> _ABOUT THIS EXERCISE_
What is needed is an exact copy of the lines in the entries below from the one holding "1月26日,綿陽市審計局召開" through the one holding "Verkrijgbaar in vijf", pictures excluded.

> _DATA SUPPLIED_
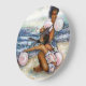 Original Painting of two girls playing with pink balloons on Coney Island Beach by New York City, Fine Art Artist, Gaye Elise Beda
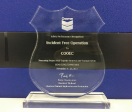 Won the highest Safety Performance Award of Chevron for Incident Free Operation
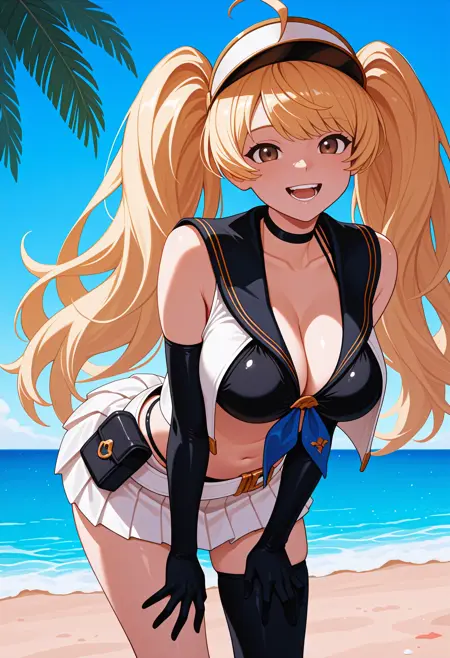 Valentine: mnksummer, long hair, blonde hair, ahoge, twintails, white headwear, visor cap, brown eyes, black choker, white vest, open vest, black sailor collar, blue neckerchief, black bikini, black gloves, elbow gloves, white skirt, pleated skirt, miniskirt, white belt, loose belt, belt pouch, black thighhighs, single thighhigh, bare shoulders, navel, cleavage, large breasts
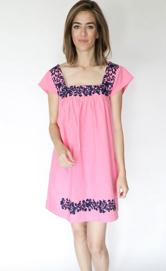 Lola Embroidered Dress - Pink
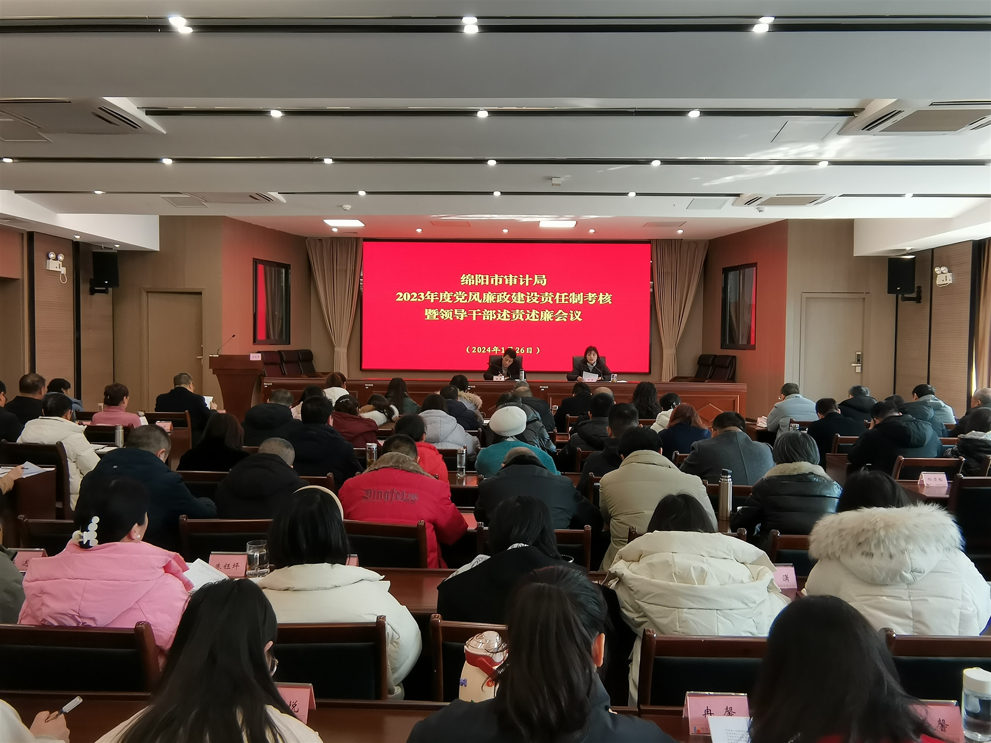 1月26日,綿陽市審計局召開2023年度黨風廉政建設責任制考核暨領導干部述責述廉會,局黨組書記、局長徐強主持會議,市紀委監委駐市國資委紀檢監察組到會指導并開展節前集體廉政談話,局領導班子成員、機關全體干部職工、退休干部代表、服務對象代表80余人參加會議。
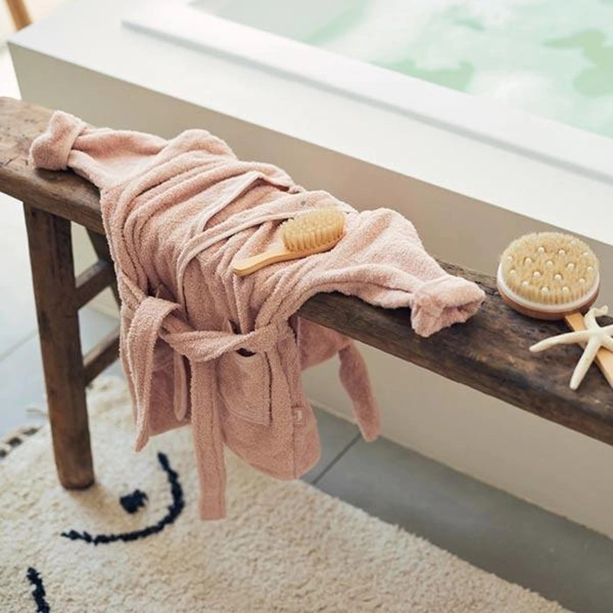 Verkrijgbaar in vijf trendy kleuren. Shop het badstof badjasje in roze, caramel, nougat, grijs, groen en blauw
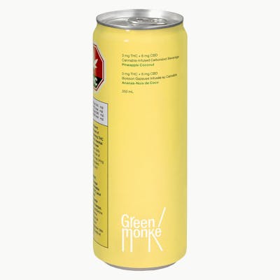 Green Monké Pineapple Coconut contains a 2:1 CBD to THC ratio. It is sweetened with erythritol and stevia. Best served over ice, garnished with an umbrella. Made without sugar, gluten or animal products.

---

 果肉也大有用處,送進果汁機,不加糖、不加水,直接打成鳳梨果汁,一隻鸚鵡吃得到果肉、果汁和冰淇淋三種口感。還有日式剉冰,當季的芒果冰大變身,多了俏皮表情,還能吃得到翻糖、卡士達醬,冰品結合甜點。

> _FINAL ANSWER_
 1月26日,綿陽市審計局召開2023年度黨風廉政建設責任制考核暨領導干部述責述廉會,局黨組書記、局長徐強主持會議,市紀委監委駐市國資委紀檢監察組到會指導并開展節前集體廉政談話,局領導班子成員、機關全體干部職工、退休干部代表、服務對象代表80余人參加會議。
 Verkrijgbaar in vijf trendy kleuren. Shop het badstof badjasje in roze, caramel, nougat, grijs, groen en blauw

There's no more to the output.